● **EXTRACTED MATERIAL**:
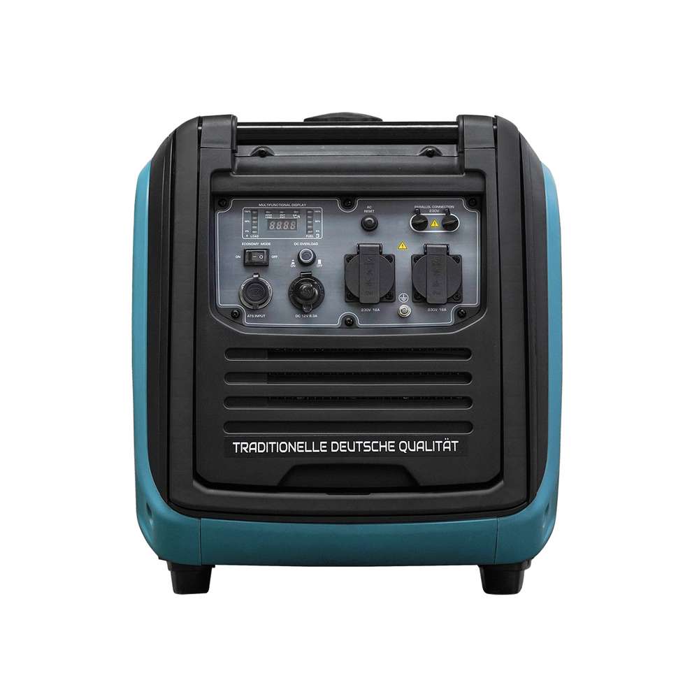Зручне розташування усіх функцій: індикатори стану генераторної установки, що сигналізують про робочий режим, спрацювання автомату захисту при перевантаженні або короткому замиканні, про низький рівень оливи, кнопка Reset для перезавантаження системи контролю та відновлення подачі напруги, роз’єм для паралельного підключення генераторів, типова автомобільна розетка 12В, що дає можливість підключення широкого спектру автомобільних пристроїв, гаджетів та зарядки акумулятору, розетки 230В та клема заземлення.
* * *
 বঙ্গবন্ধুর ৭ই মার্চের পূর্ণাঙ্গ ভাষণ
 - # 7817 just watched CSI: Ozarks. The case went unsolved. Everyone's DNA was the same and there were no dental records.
==
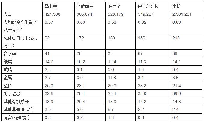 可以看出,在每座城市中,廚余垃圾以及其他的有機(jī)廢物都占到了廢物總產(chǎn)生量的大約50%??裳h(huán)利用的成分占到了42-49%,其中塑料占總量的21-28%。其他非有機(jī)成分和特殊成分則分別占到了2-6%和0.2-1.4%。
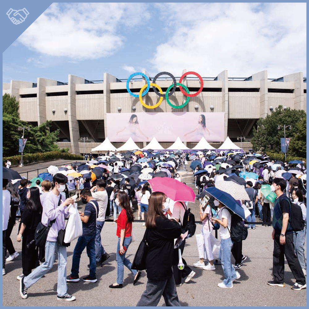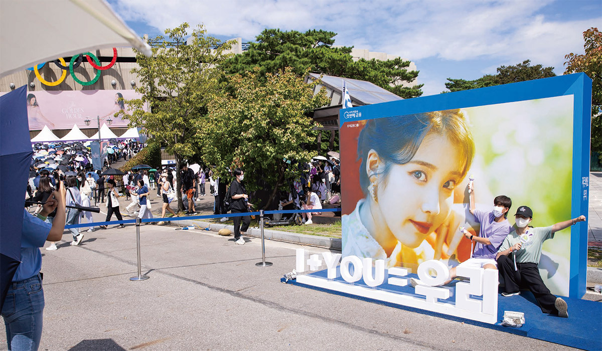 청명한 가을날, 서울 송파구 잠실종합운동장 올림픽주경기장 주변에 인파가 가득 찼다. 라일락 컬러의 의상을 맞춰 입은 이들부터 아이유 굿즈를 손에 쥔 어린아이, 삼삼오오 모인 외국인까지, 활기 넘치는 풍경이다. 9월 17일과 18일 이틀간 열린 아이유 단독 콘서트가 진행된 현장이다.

● **WORK TO BE COMPLETED**: Copy only these lines from the records above, exactly: the one with "可以看出,在每座城市中,廚余", the one with "청명한 가을날, 서울", and those between. Skip the pictures.

● **TASK RESULT**:
 可以看出,在每座城市中,廚余垃圾以及其他的有機(jī)廢物都占到了廢物總產(chǎn)生量的大約50%??裳h(huán)利用的成分占到了42-49%,其中塑料占總量的21-28%。其他非有機(jī)成分和特殊成分則分別占到了2-6%和0.2-1.4%。
 청명한 가을날, 서울 송파구 잠실종합운동장 올림픽주경기장 주변에 인파가 가득 찼다. 라일락 컬러의 의상을 맞춰 입은 이들부터 아이유 굿즈를 손에 쥔 어린아이, 삼삼오오 모인 외국인까지, 활기 넘치는 풍경이다. 9월 17일과 18일 이틀간 열린 아이유 단독 콘서트가 진행된 현장이다.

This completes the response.